PBMs Under Fire: Are They Driving Up Drug Prices?

A recent report from the House Committee on Oversight and Accountability has revealed that pharmacy-benefit managers (PBMs) are directing patients towards pricier medications while restricting their pharmacy options. This report was highlighted by the Wall Street Journal following a 32-month investigation prior to an upcoming hearing featuring executives from major PBM firms.

PBMs serve as third-party administrators for prescription drug plans provided by health insurers, negotiating drug prices with pharmaceutical companies, and determining patient out-of-pocket expenses. The three largest PBMs in the U.S.—Express Scripts, UnitedHealth Group’s OptumRx, and CVS Health’s Caremark—together oversee about 80% of prescriptions filled nationwide.

According to the committee’s findings, PBMs have developed preferred drug lists that favor more expensive branded medications over cost-effective alternatives. For instance, internal communications from Cigna were cited in the report, revealing discouragement against choosing less expensive substitutes for Humira, a drug used to treat arthritis and autoimmune conditions, which at one point was priced at $90,000 annually, while biosimilars were available for half that price.

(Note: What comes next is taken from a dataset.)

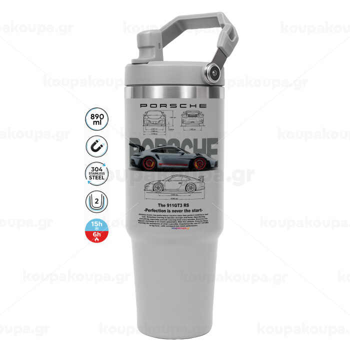 Porsche, GREY color, 890ml (30oz) stainless Steel Tumbler with Handle

The investigation also indicated that Express Scripts informed patients that seeking prescriptions from their local pharmacies would result in higher costs compared to receiving a three-month supply via their mail-order service. This approach restricts patients’ choices regarding where they fill their prescriptions.

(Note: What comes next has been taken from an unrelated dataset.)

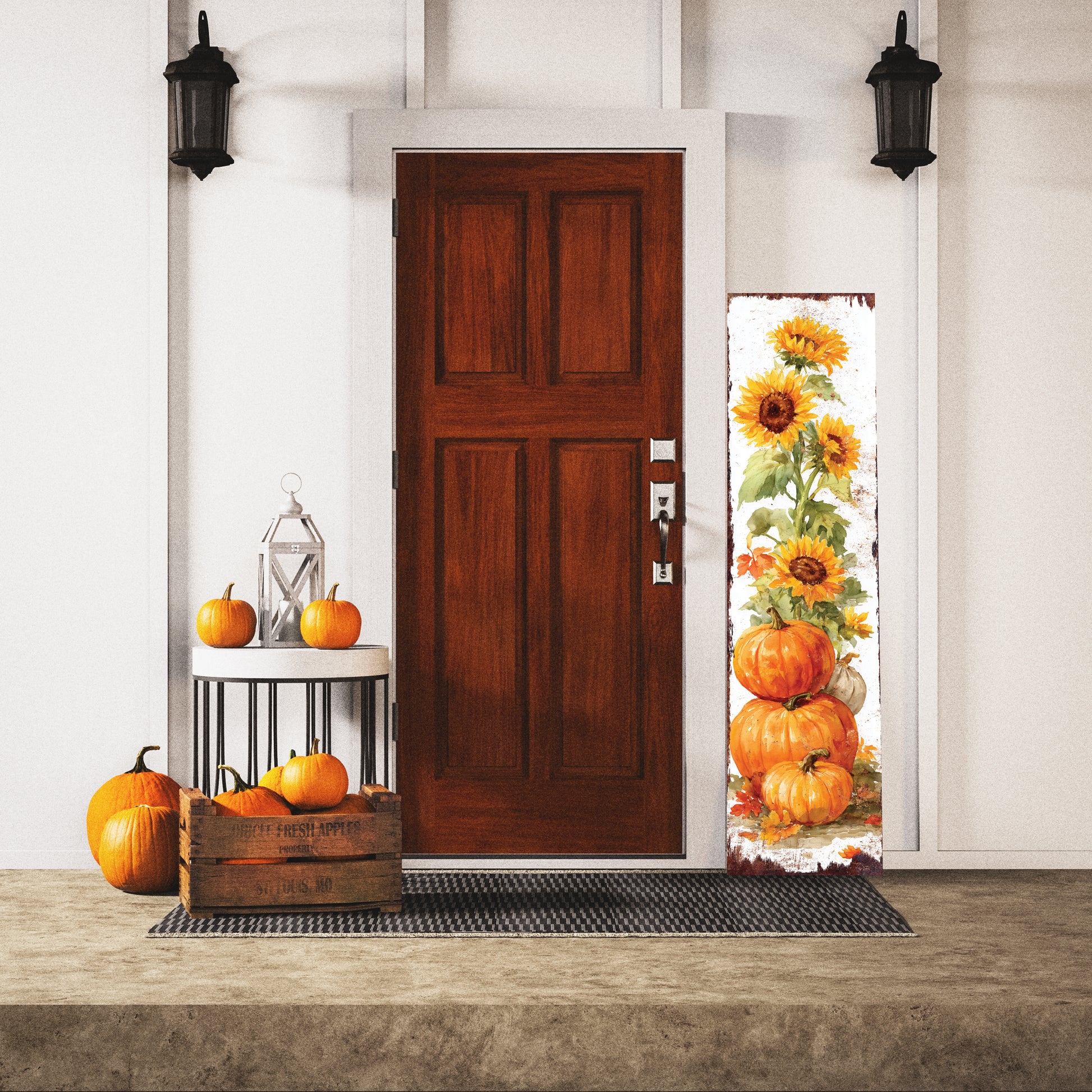 Fall Porch Sign | Pumpkin & Sunflower Vertical Wall Art | Rustic Autumn Outdoor Decor for Front Door, Garden, Entryway

Additionally, the Federal Trade Commission (FTC) released a similar report earlier this month, stating that the top six PBMs control nearly 95% of prescriptions filled in the U.S. The FTC’s findings are concerning, indicating that dominant PBMs exert considerable influence on Americans’ access to affordable medications. The report also highlighted potential conflicts of interest that arise from PBMs favoring their own affiliated businesses, which can disadvantage independent pharmacies and inflate drug prices. FTC Chair Lina M. Khan noted that these middlemen are reportedly overcharging patients for cancer medications, generating over $1 billion in additional revenue.